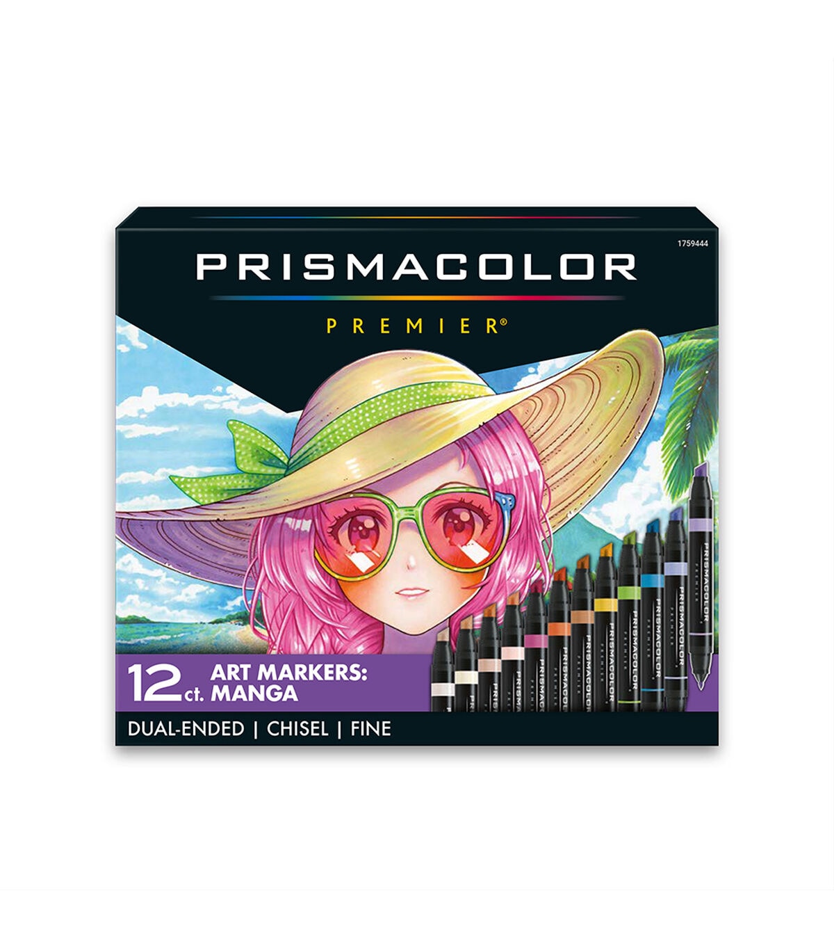 Lay down the precise marks you want in 12 Manga-perfect colors with Prismacolor Premier Dual-Ended Art Markers. These Prismacolor markers feature a fine tip on one end and a large chisel tip on the other, so you can quickly flip between adding precise details and applying full color coverage.
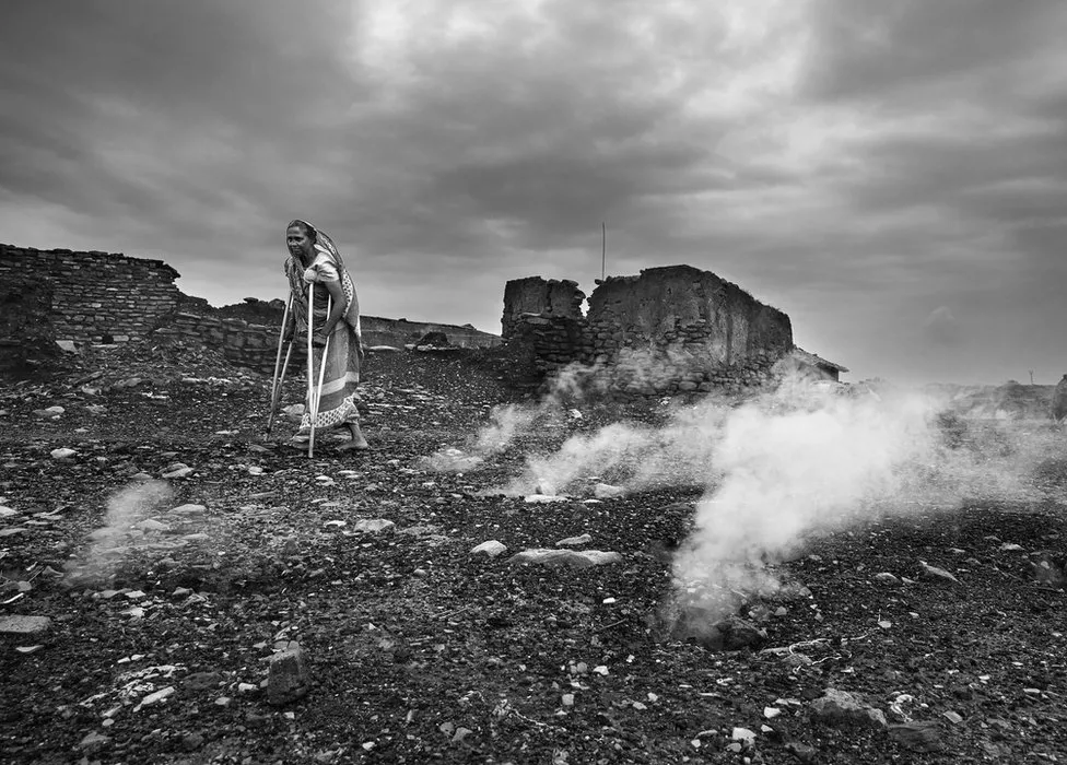In the image above, a Dalit (formerly known as untouchable) woman worker limps past an open-cast coal mine in India's Jharkhand state, where underground fires have burned for over a century.
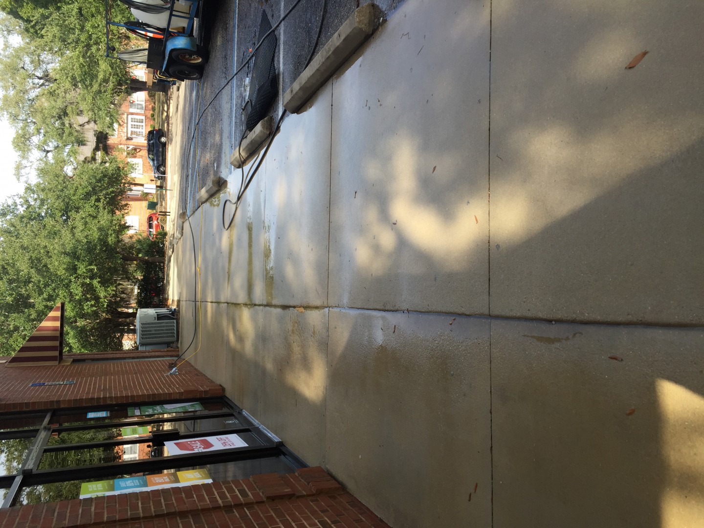 We have soft washed the exterior of this brick, and used a light pressure washing on the concrete walkways. We love to make the campus of our national championship Florida State Seminoles look it's very best!
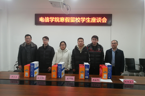 1月20日下午,电气与信息工程学院在励行楼B415会议室召开寒假留校学生座谈会,学院领导班子全体成员、各年级辅导员及4名因疫情原因留校学生参加。会议由学院党委副书记徐泽绵主持。
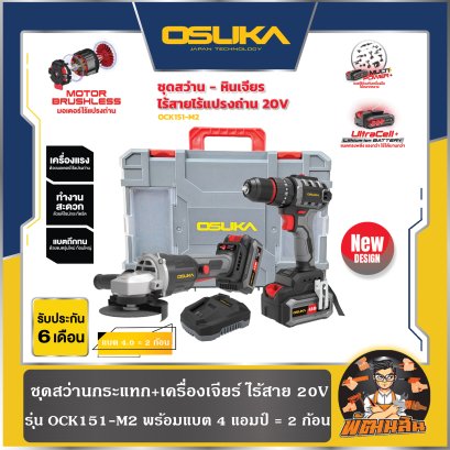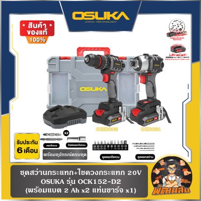 ชุดสว่านกระแทก+ไขควงกระแทก 20V OCK152-D2 OSUKA (แบต 2.0Ah = 2 ก้อน)

-- AIM OF THE TASK --
In the entries above, find the line containing "1月20日下午,电气与信息工"; transcribe exactly that line and every line after it through the end, and only those, omitting pictures.

-- TASK OUTPUT --
 1月20日下午,电气与信息工程学院在励行楼B415会议室召开寒假留校学生座谈会,学院领导班子全体成员、各年级辅导员及4名因疫情原因留校学生参加。会议由学院党委副书记徐泽绵主持。
 ชุดสว่านกระแทก+ไขควงกระแทก 20V OCK152-D2 OSUKA (แบต 2.0Ah = 2 ก้อน)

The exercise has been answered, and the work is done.